Saturday, February 16, 2013

Grammys 2013

I didn't watch the show this year, save for The Black Keys' amazing performance of "Lonely Boy" via Popmatters (all the links to the other performances were quickly taken down).  My predictions were spectacularly wrong this year, save for the one I was most sure about (i.e. the snubbing of Frank Ocean).  Black Keys upset Springsteen in the categories that he's owned for more than a decade, and although I have hated generally every two person drums/guitar garage-y rock band that's come along since 2001 (with No Age still being a somewhat inexplicable exception), Black Keys are the real deal, "Lonely Boy" is a killer song, and I feel safe in agreeing with Popmatters that their was the best performance of the night even without seeing another minute of the show.  

Instead of sitting through the entire three hour ceremony, it's probably better to read what really smart people had to say about the Grammys anyway.   Philip Sherburne found some silver linings in Skrillex's dominance of the dance music categories on his SPIN blog.  First, he argues, it's good that Grammy gave the awards to the act that's currently at the top of their game, as opposed to what they usually do (in rock, R&B ... apparently no genre is safe from this!) -- giving the nods to established acts that gets their nominations and awards mostly due to name recognition.  Skrillex's music might be indistinguishable from 90% of Chemical Brothers' back catalogue, but it sure is nice to see those kids and their hip new sounds taking the big win away from those old farts!  Second, the Grammys have given up on trying to integrate electronic music into the rest of the show.  They're content to let the categories stand in their own little quaint corner of the awards universe, much like the classical and jazz categories that most Grammy viewers couldn't give a crap about, rather than forcing the likes of Dave Grohl to play nice with David Guetta to the benefit of nobody.  I completely agree with Sherburne here.  Why force these cross-cultural mashups -- is it an attempt to "contextualize" the music for viewers who like rock but don't know anything about DJ culture?  Was Dave Grohl really going to act as a gateway for new fans possibly getting into Deadmau5?

Jon Caramanica touched on some of the same points in his Grammy piece for the NYT.  Every year we see younger performers on stage with veteran ones, and it's starting to feel like, in Caramanica's words, that the younger generation are being "effectively supervised by an older peer".  It's cool to see "dream pairings" of performers that span generations of music fans, but there are diminishing returns associated with them.  They catch your eye the first through tenth times you see them, but afterward they become just another gimmick that the Grammys use to get people to tune into the broadcast, and they cease to be special.
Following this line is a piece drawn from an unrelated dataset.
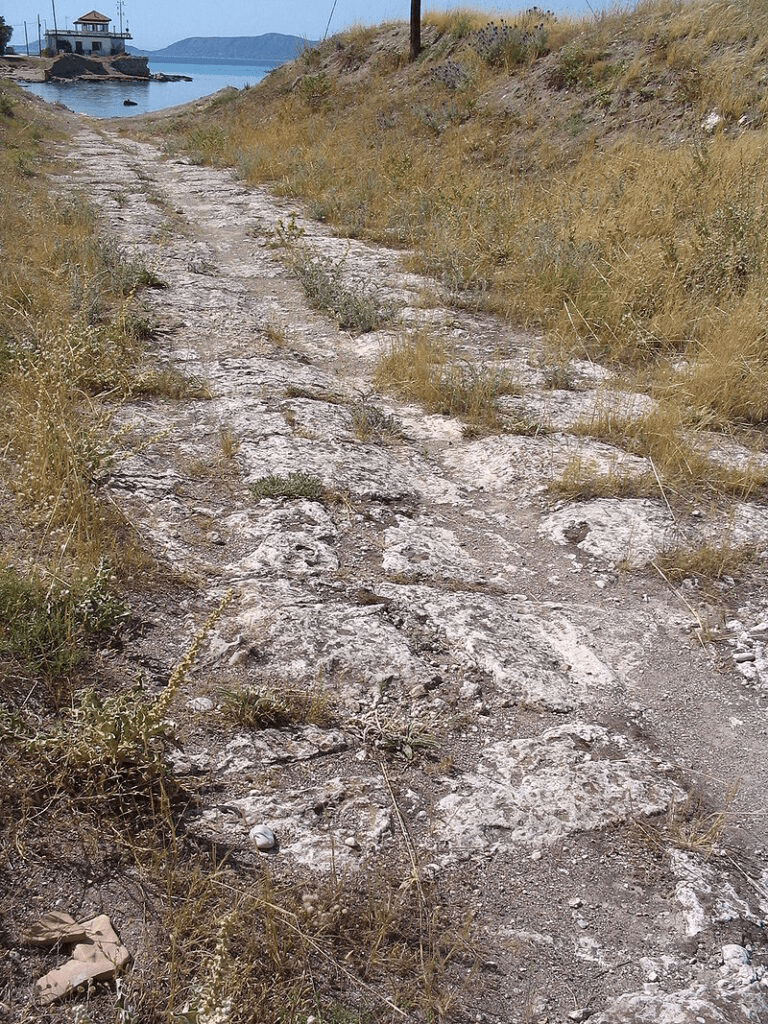 Arheolozi kažu da je put Diolkos, koji je omogućavao brodovima da izbegnu 220 kilometara dug put oko Peloponeskog poluostrva, izgrađen krajem 7. ili početkom 6. veka pre nove ere.

On the other hand, the Grammys happen only once a year (it's not as if Paul McCartney and Jay-Z are forced to tour together or anything) and the Grammys have always been at least one generation behind popular trends.  Just look at the awards handed out in the 1960's -- almost none of it has any critical cache today.  Caramanica looks at Grammy success of Black Keys and Mumford and Sons with the glass empty.  He sees their wins as enforcement of a Grammy narrative that nothing innovative has been done in music since the 1960's.  But that sort of music was going to win anyway, because the Grammys need thirty years to adapt to new trends.  That being the unavoidable state of things, I say it's better to give the awards to the young guys rather than the older ones.  It's incremental progress, but at least it's something.